| What to do |
Give all the lines below again, exactly, with no pictures.

| Recorded information |
==*==
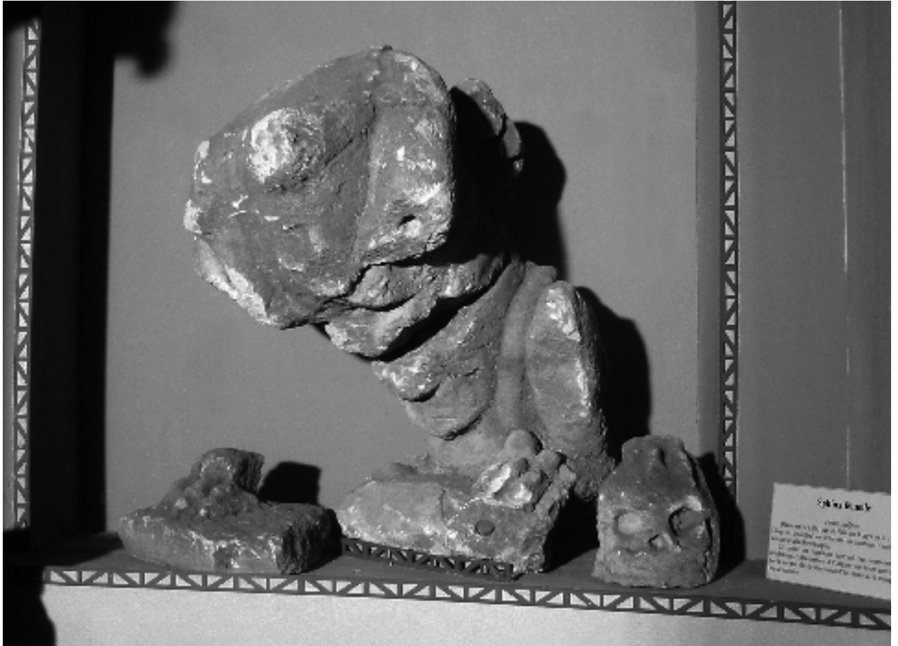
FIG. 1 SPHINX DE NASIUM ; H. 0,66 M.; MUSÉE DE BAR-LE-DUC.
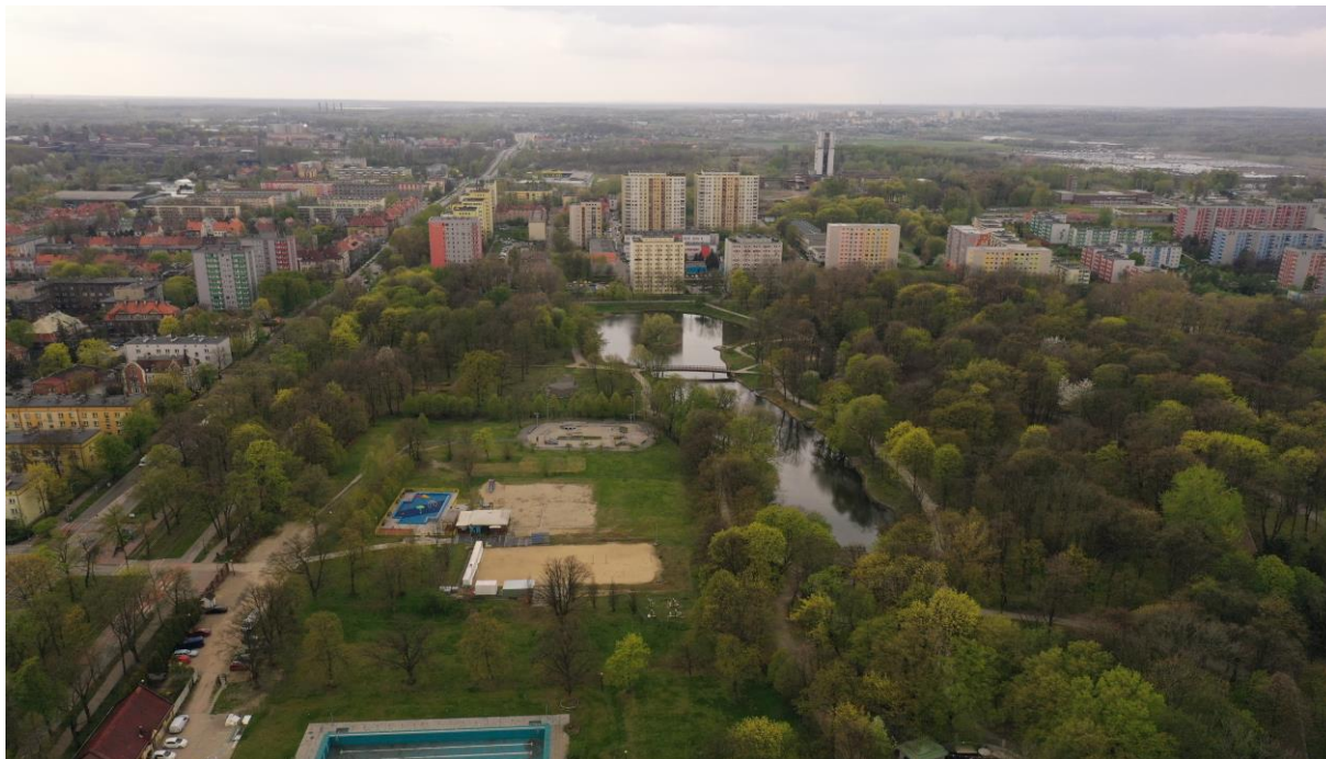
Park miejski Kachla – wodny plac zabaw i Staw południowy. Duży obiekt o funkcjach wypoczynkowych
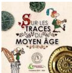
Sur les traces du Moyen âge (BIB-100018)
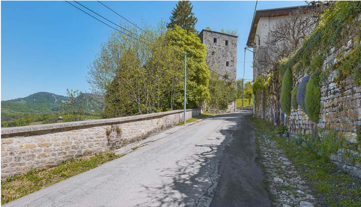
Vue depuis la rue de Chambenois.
==*==
| Finished task |
FIG. 1 SPHINX DE NASIUM ; H. 0,66 M.; MUSÉE DE BAR-LE-DUC.
Park miejski Kachla – wodny plac zabaw i Staw południowy. Duży obiekt o funkcjach wypoczynkowych
Sur les traces du Moyen âge (BIB-100018)
Vue depuis la rue de Chambenois.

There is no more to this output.